Newport Wafer Fab counts Nexperia, Samsung, Motorola and other chip developers among its clients, according to the company. The chipmaker reported a 18.61 million pound ($25.6 million) net loss for 2020 on revenue of 30.91 million pounds, according to Wingtech's filing. The Chinese tech company's revenue, by comparison, grew more than 24% to 51.7 billion yuan ($8 billion) for 2020.

Nexperia, which is fully owned by Wingtech, is the largest Chinese automotive chipmaker and aims to compete with global leaders Infineon and NXP. It recently broke ground on a 12 billion yuan chip plant in Shanghai that is scheduled to begin production next year with an annual capacity of 400,000 wafers -- a significant expansion of China's automotive chip capacity.

Nexperia also opened research and development centers in Penang, Malaysia, and Shanghai, and is expanding its R&D facilities in Hong Kong, Hamburg, Germany, and Manchester, U.K., this year, according to the company.

Wingtech, founded in 2006 by Zhang, a former STMicroelectronics engineer, is a rising Chinese tech company that has aggressively expanded throughout the supply chain in recent years. In addition to tapping into semiconductors via its Nexperia purchase, Wingtech this year bought Chinese smartphone camera module maker O-Film Tech's factories after the latter was blacklisted by Washington and removed from Apple's supply chain over its alleged use of forced labor involving China's Uyghur Muslim minority. Chinese appliance-making giant Gree, and the Hefei government-backed Hefei Core Screen Industry Investment Fund are also Wingtech stakeholders.

There is some resistance to the deal in the U.K., however.

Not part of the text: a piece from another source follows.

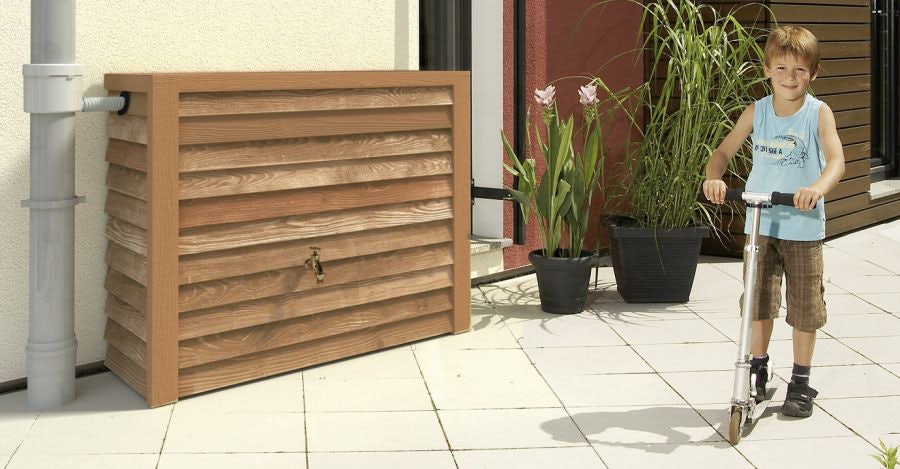 With a stunning wooden finish, this incredibly durable yet decorative rainwater storage tank is ideal for installing next to an exterior wall and is exceptionally weather resistant and UV-stable. With minimal space requirements and a large 350-litre storage volume, you can eas... Read More

Tom Tugendhat, chairman of the U.K.'s foreign affairs select committee, said in mid-June, when the takeover was still being mooted, that the sale of Newport Wafer Fab should be subject to review under the National Security and Investment Act.

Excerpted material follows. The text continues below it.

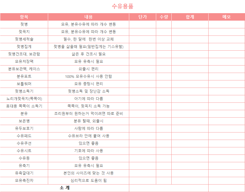 - 의료 용품 : 병원에서 필요한 서류, 개인 위생 용품, 수유 패드 등
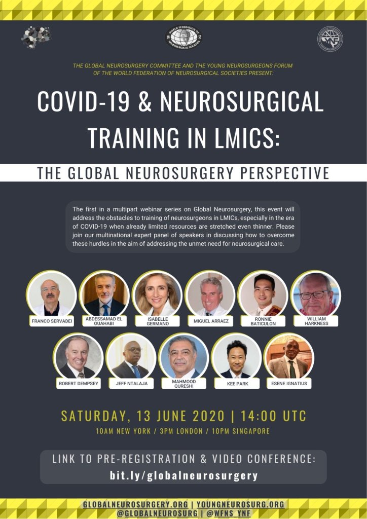“COVID-19 and Neurosurgical Training in LMICs: The Global Neurosurgery Perspective” will be the first webinar of this series on June 13th, addressing the obstacles to training of neurosurgeons in low and middle-income countries, especially in the era of COVID-19 when already limited resources are stretched even thinner.

"I must stress again that having the U.K.'s leading 200mm silicon and semiconductor technology development and processing facility being taken over by a Chinese entity, in my view, represents a significant economic and national security concern," Tugendhat said in a letter to the secretary of state for business. He reiterated his concerns over the sale in comments to CNBC on Monday.

Others have questioned the feasibility of the acquisition. Donnie Teng, a tech analyst with Nomura Securities who has tracked Wingtech for years, said it could be challenging for the company to manage its many new acquisitions while also expanding its own chip production facility in a short period of time.

"On the surface, it's a win for China to ensure the supplies of more semiconductor components. However, Wingtech is still a newcomer in terms of operating semiconductor businesses, which is extremely different from assembling consumer electronics products," Teng told Nikkei Asia. "The chip plant in the U.K. is also suffering from low efficiency and it remains to be seen whether the new owner could retain workers who know how to run chip factories."